Exercise: All records below should be repeated exactly, with the pictures left out.

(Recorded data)
....
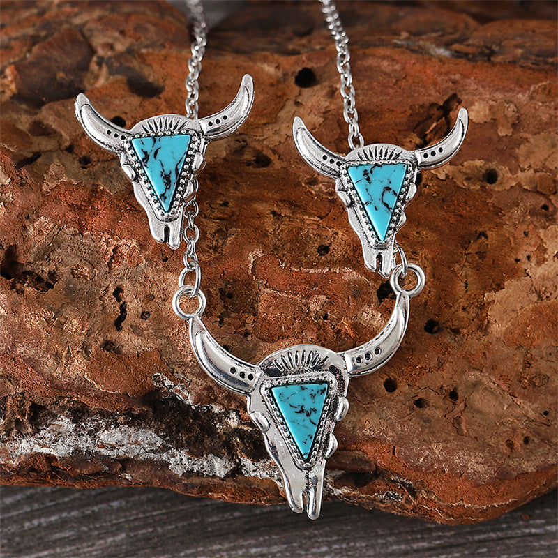 Wholesale Western Cowboy Style Bull Head Triangle Turquoise Earrings Necklace Set Fashion Retro Personality Necklaces
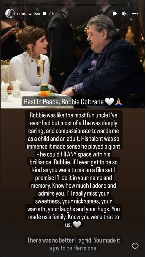 Actores de la exitosa saga de Harry Potter despidieron a Robbie Coltrane, el artista que interpretó al guardabosques "Rubeus Hagrid", luego de que se diera a conocer su fallecimiento a los 72 años.Coltrane, cuyo nombre real era Anthony Robert McMillan, murió este viernes, en el hospital Forth Valley Royal de Larbret en Escocia, según su agente Belinda Wright. Se desconocen las causas de la muerte."Robbie era una de las personas más divertidas que he conocido y nos hacía reír todo el tiempo en el rodaje cuando éramos niños", reaccionó Daniel Radcliffe, intérprete que dio vida a "Harry Potter"."Me siento increíblemente afortunado de haberlo conocido y muy triste por su muerte", agregó.Emma Watson, la actriz que encarnó a "Hermione Grange" también le dedicó unas emotivas palabras a Coltrane.A través de su Instagram, la mujer escribió: "Descanse en paz Robbie Coltrane. Robbie era como el tío más divertido que he tenido, pero sobre todo era muy cariñoso y compasivo conmigo tanto de niña como de adulta".Además expresó que Robbie era un artista enormemente talentoso, algo que tenía sentido debido a su gran tamaño."Tenía sentido que interpretara a un gigante: podía llenar cualquier espacio con su brillantez. Robbie, si alguna vez llego a ser tan amable como tú fuiste conmigo en un set de filmación, te prometo que lo haré en tu nombre y en tu memoria. Quiero que sepas cuánto te adoro y te admiro. Extrañaré mucho tu dulzura, tus apodos, tu calidez, tus risas y tus abrazos. Nos hiciste una familia. Quiero que sepas que fuiste eso para nosotros. No había mejor Hagrid. Hiciste que fuera un placer ser Hermione", se leyó.En la cuenta oficial de Twitter del agente 007, los productores de la franquicia Michael G. Wilson y Barbara Broccoli recordaron a Coltrane como "un actor excepcional cuyo talento no tenía límites...""Lo extrañaremos en tanto que amigo. Descansa en paz, Robbie".Tom Felton también se unió a la pena pues recordó los momentos que pasó junto a Coltrane."Uno de mis mejores recuerdos favoritos de filmar Harry Potter fue un rodaje nocturno de la primera película en el bosque prohibido. Tenía 12 años. Robbie se preocupaba y cuidaba a todos los que lo rodeaban. Sin esfuerzo. Y los hizo reír. Sin esfuerzo. Era un gran gigante amistoso en la pantalla, pero aún más en la vida real. Te amo compañero - gracias por todo”, externó.La escritora J. K. Rowling, creadora del universo de Potter, agradeció al actor.Nacido en Rutherglen, cerca de Glasgow, Escocia, el actor era adorado por niños y mayores de todo el mundo por su interpretación del personaje, medio gigante medio humano, amable y algo torpe, que ayuda al joven brujo Harry Potter y sus amigos en sus aventuras en la escuela de brujería de Poudlard.MF
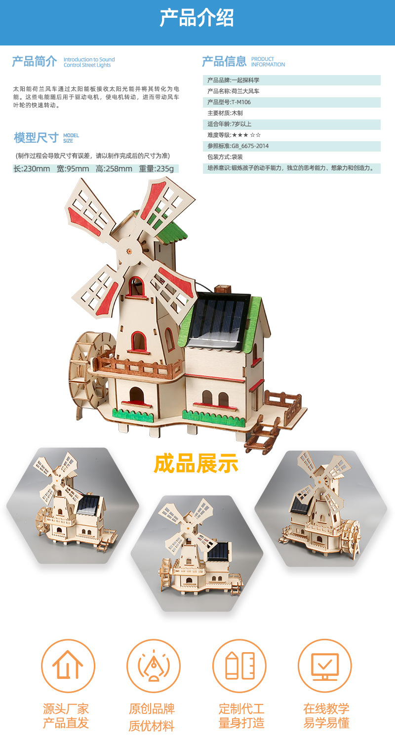 Casa solar Holanda gran molino de viento paquete de material científico tecnología de bricolaje pequeña producción steam material didáctico juguetes para niños
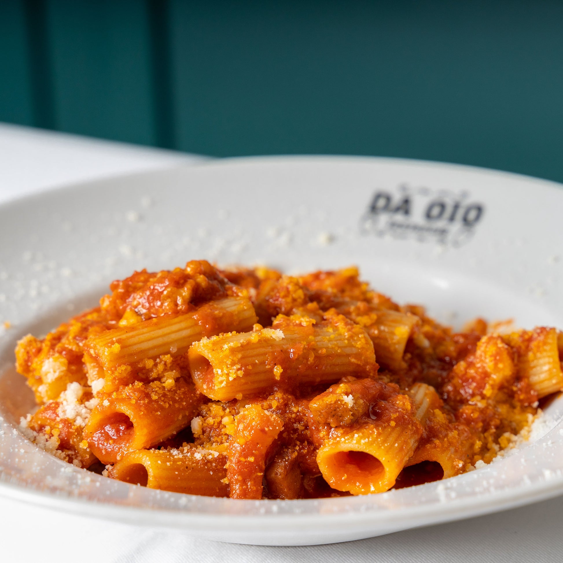 2 Portionen Pasta alla Pajata: Getrocknete Nudeln, fertige Pajata-Sauce, Pecorino Romano DOP.
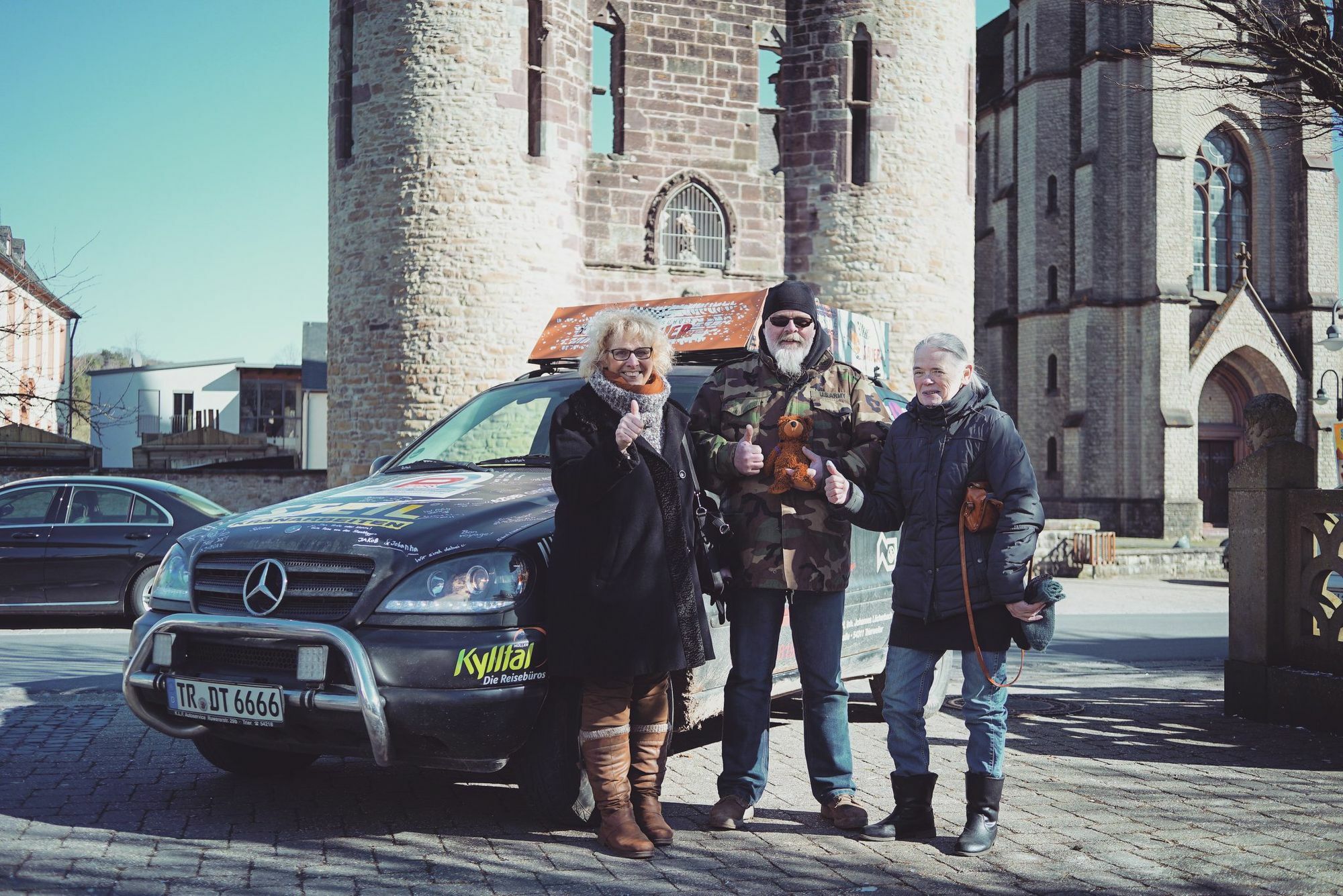 März: In Föhren startet eine Charity-Rallye und Spendenaktion. Das Team Desert Taxi ist mit dabei. Ziel 2018 ist Banjul in Gambia, wo das Fahrzeug versteigert und mit dem Erlös soziale Projekte unterstützt werden.
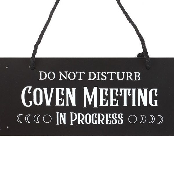 Set the mood for spell work or sacred gatherings with this ‘Do Not Disturb – Coven Meeting in Progress’ hanging sign, accented by mystical moon phases and star details. A must-have for any witchy space, it’s ideal for altars, reading nooks, or anywhere a little magical privacy is needed.
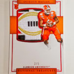 Those are the high-end brands that will be arriving this coming card season from Panini America with a collegiate twist as the company pulled back the curtain on a number of the cards before they are signed in less than two weeks at the NFLPA Rookie Premiere.
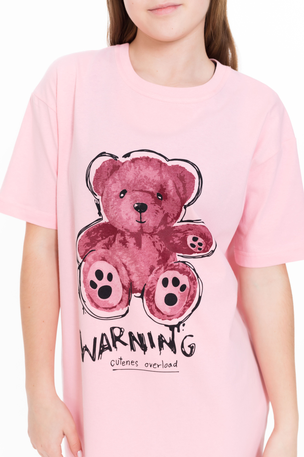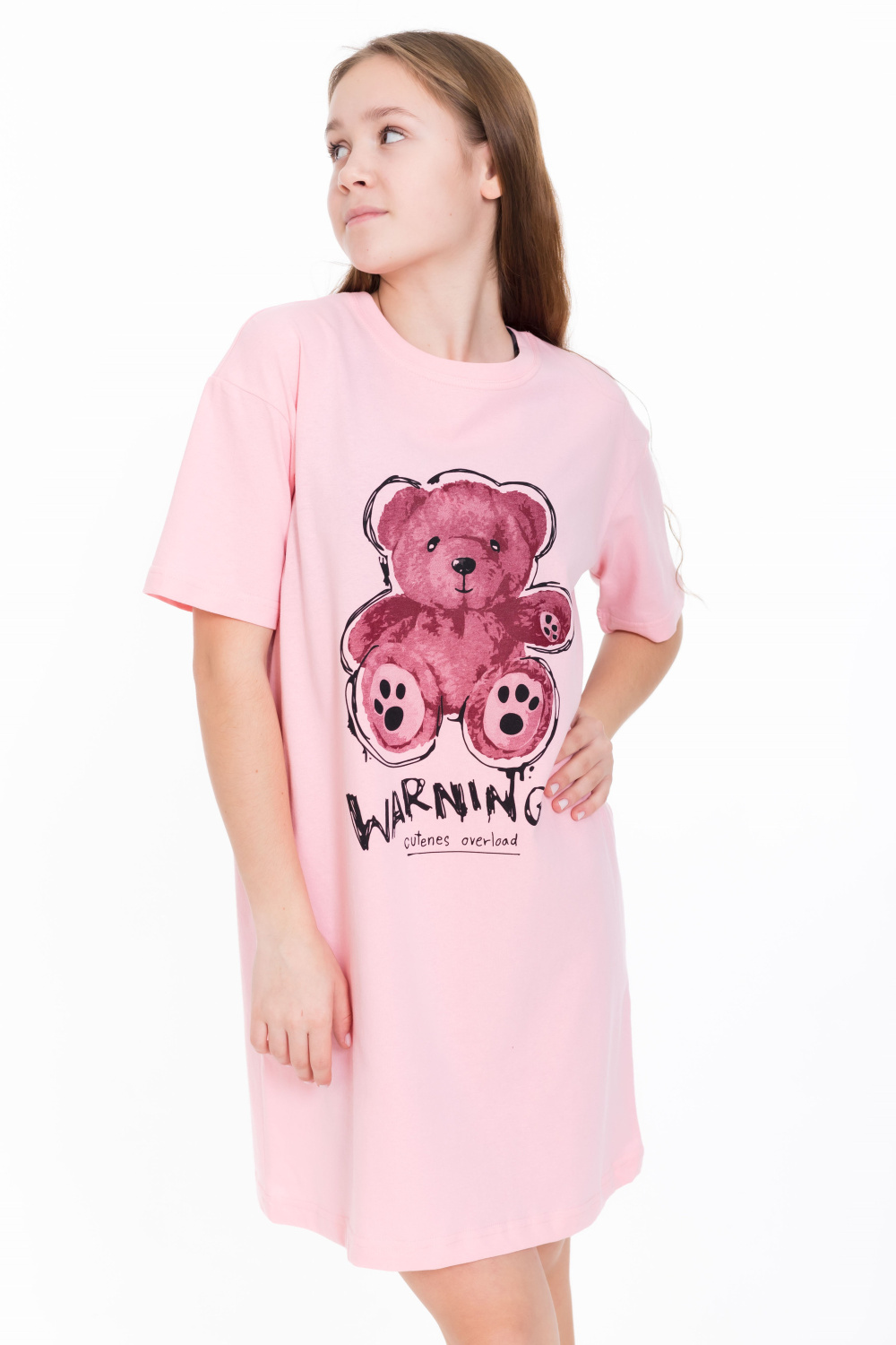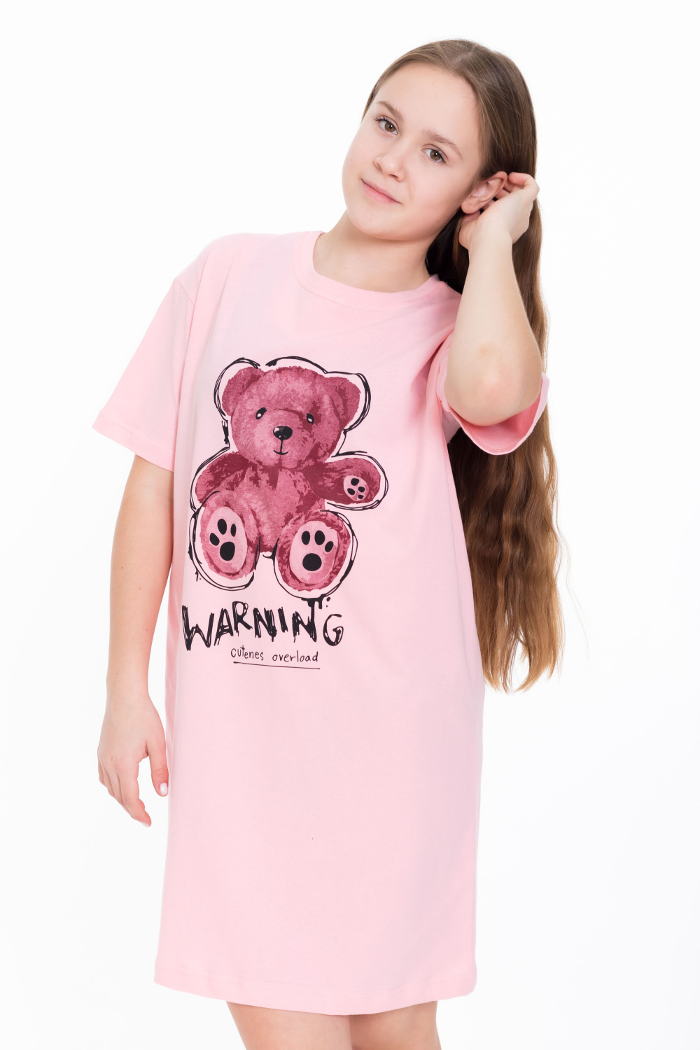 Сорочка-футболка для девочки из однотонной кулирки розового цвета очаровательна и уютна. Прямой крой с коротким рукавом и круглым вырезом горловины делают ее комфортной и практичной в использовании. Принт на передней части добавляет игривости и оригинальности к изделию, придавая индивидуальность.
....
Output for this exercise:
 Wholesale Western Cowboy Style Bull Head Triangle Turquoise Earrings Necklace Set Fashion Retro Personality Necklaces
 Actores de la exitosa saga de Harry Potter despidieron a Robbie Coltrane, el artista que interpretó al guardabosques "Rubeus Hagrid", luego de que se diera a conocer su fallecimiento a los 72 años.Coltrane, cuyo nombre real era Anthony Robert McMillan, murió este viernes, en el hospital Forth Valley Royal de Larbret en Escocia, según su agente Belinda Wright. Se desconocen las causas de la muerte."Robbie era una de las personas más divertidas que he conocido y nos hacía reír todo el tiempo en el rodaje cuando éramos niños", reaccionó Daniel Radcliffe, intérprete que dio vida a "Harry Potter"."Me siento increíblemente afortunado de haberlo conocido y muy triste por su muerte", agregó.Emma Watson, la actriz que encarnó a "Hermione Grange" también le dedicó unas emotivas palabras a Coltrane.A través de su Instagram, la mujer escribió: "Descanse en paz Robbie Coltrane. Robbie era como el tío más divertido que he tenido, pero sobre todo era muy cariñoso y compasivo conmigo tanto de niña como de adulta".Además expresó que Robbie era un artista enormemente talentoso, algo que tenía sentido debido a su gran tamaño."Tenía sentido que interpretara a un gigante: podía llenar cualquier espacio con su brillantez. Robbie, si alguna vez llego a ser tan amable como tú fuiste conmigo en un set de filmación, te prometo que lo haré en tu nombre y en tu memoria. Quiero que sepas cuánto te adoro y te admiro. Extrañaré mucho tu dulzura, tus apodos, tu calidez, tus risas y tus abrazos. Nos hiciste una familia. Quiero que sepas que fuiste eso para nosotros. No había mejor Hagrid. Hiciste que fuera un placer ser Hermione", se leyó.En la cuenta oficial de Twitter del agente 007, los productores de la franquicia Michael G. Wilson y Barbara Broccoli recordaron a Coltrane como "un actor excepcional cuyo talento no tenía límites...""Lo extrañaremos en tanto que amigo. Descansa en paz, Robbie".Tom Felton también se unió a la pena pues recordó los momentos que pasó junto a Coltrane."Uno de mis mejores recuerdos favoritos de filmar Harry Potter fue un rodaje nocturno de la primera película en el bosque prohibido. Tenía 12 años. Robbie se preocupaba y cuidaba a todos los que lo rodeaban. Sin esfuerzo. Y los hizo reír. Sin esfuerzo. Era un gran gigante amistoso en la pantalla, pero aún más en la vida real. Te amo compañero - gracias por todo”, externó.La escritora J. K. Rowling, creadora del universo de Potter, agradeció al actor.Nacido en Rutherglen, cerca de Glasgow, Escocia, el actor era adorado por niños y mayores de todo el mundo por su interpretación del personaje, medio gigante medio humano, amable y algo torpe, que ayuda al joven brujo Harry Potter y sus amigos en sus aventuras en la escuela de brujería de Poudlard.MF
 Casa solar Holanda gran molino de viento paquete de material científico tecnología de bricolaje pequeña producción steam material didáctico juguetes para niños
 2 Portionen Pasta alla Pajata: Getrocknete Nudeln, fertige Pajata-Sauce, Pecorino Romano DOP.
 März: In Föhren startet eine Charity-Rallye und Spendenaktion. Das Team Desert Taxi ist mit dabei. Ziel 2018 ist Banjul in Gambia, wo das Fahrzeug versteigert und mit dem Erlös soziale Projekte unterstützt werden.
 Set the mood for spell work or sacred gatherings with this ‘Do Not Disturb – Coven Meeting in Progress’ hanging sign, accented by mystical moon phases and star details. A must-have for any witchy space, it’s ideal for altars, reading nooks, or anywhere a little magical privacy is needed.
 Those are the high-end brands that will be arriving this coming card season from Panini America with a collegiate twist as the company pulled back the curtain on a number of the cards before they are signed in less than two weeks at the NFLPA Rookie Premiere.
 Сорочка-футболка для девочки из однотонной кулирки розового цвета очаровательна и уютна. Прямой крой с коротким рукавом и круглым вырезом горловины делают ее комфортной и практичной в использовании. Принт на передней части добавляет игривости и оригинальности к изделию, придавая индивидуальность.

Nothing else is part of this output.